Imagine signing an important letter with invisible ink, which makes it clear the message came from you and no one else. That’s essentially what DKIM does. Of course, it’s not quite that simple.

Let’s take a closer look at the protocol that’s officially named DomainKeys Identified Mail.

Why we need DKIM signatures

The opportunity to communicate with people via email is a powerful privilege. Unfortunately, there are cyber criminals out there who want to take advantage of the trust that brands have built with their customers and subscribers.

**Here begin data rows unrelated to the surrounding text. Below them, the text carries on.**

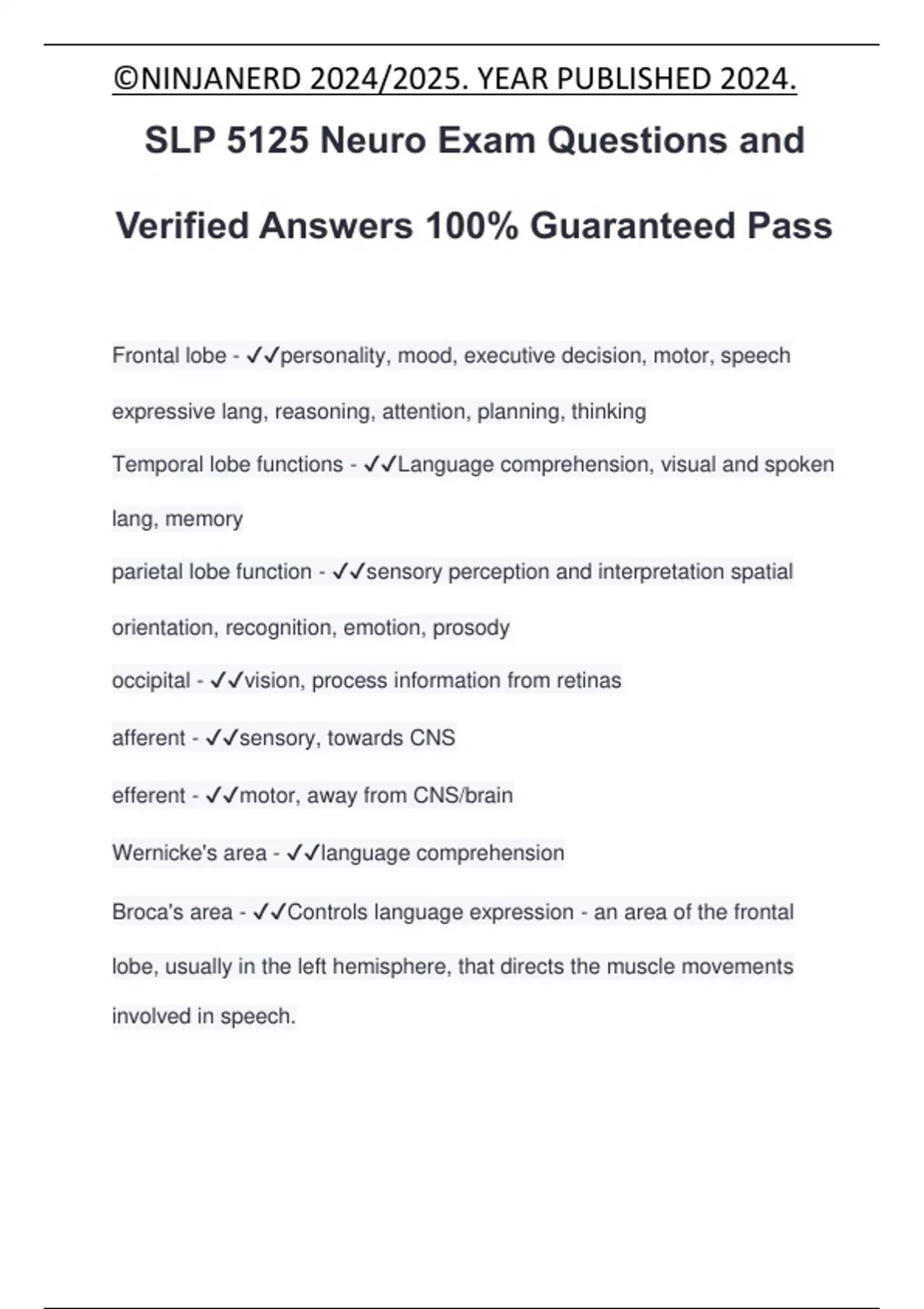 SLP 5125 Neuro Exam Questions and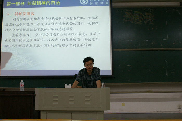 邹教授从创新的若干定义与描述、马克思主义的创新概念、科技创新等八个方面为我们介绍了创新精神的内涵。他列举了不同时期、不同领域的杰出人物对创新的定义,并借用江泽民总书记的话“创新是一个民族进步的灵魂,是一个国家兴旺发达的不竭动力,也是一个政党永葆生机的源泉”来鼓励大家积极创新、努力实践。他向同学们讲解了计算机科学与技术发展史上的重大事件与创新精神,并简单介绍了“计算机之父”—约翰·冯·诺依曼、“人工智能之父”—阿兰·麦席森·图灵等著名人物的相关事迹以及其中的宝贵创新精神。他详细讲解了如何实践创新的内容,并结合创新型人才、具备的创新思维以及创新的实践方法三个方面着重介绍了成为创新型实践人才的要点,就是必须突破传统的思维障碍。在活动中,邹教授以亲身的教学经验为例,帮助大家理解了计算机的创新精神以及创新实践。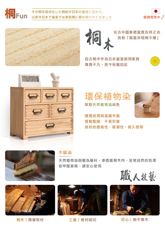 桐木特性重量輕、吸潮、透氣性好、不易變形、結構穩定性強、顏色好看。木材紋理通直,刨光後有絹絲光澤。桐木有很好的象徵意義,象徵富貴,被認為是高級木材之瑰寶。自古以來,是日本皇室御用的傢俱,尊貴不凡,而今依舊如此。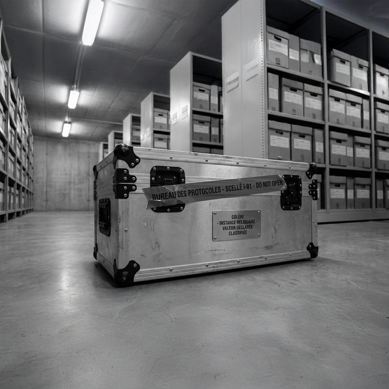 Là où l’Instance classique est un point d’accès, le Scellé est le Point d’Origine. Chaque œuvre est une unité de stockage haute sécurité conçue pour isoler la Pièce à Conviction unique ayant servi à l’exécution du Protocole (le Pavé de la Colère, la Chaussure de la Santé, l’Outil de la Vie).

By impersonating your brand’s emails and web pages, scammers sneak their way into inboxes and trick people into installing malware or giving up sensitive information. That could include bank accounts, credit card numbers, social security numbers, or logins for online accounts. Email spoofing can easily lead to identity theft.

Improving inbox security

Simple Mail Transfer Protocol (SMTP) is the standard used to send emails over the internet. However, SMTP doesn’t include a way to verify a sender before delivering an email. That made it possible for spammers and scammers to fill inboxes with junk and attempt to spoof trustworthy brands.

Over the last couple of decades, authentication protocols have improved email security by connecting information found in an email’s header with records published on the domain name server (DNS) of a sender’s domain.

The DKIM signature represents one of those protocols. It uses an encrypted key to help mailbox providers detect forged sender addresses.

DKIM is actually the combination of DomainKeys, which Yahoo developed, and Cisco’s Identified Internet Mail. The two combined forces in 2004. The DomainKeys portion was designed to verify the DNS domain of an email sender. Identified Internet Mail is the digital signature portion of the specification.

Many major mailbox providers look for DKIM signatures when authenticating emails. That includes Google, Apple Mail, and Outlook

How does a DKIM signature work?

Like other email authentication methods, DKIM lets senders associate a specific domain with their email messages. Records published on the DNS vouch for an email’s authenticity. However, DKIM has a unique way of doing this with an encrypted digital signature.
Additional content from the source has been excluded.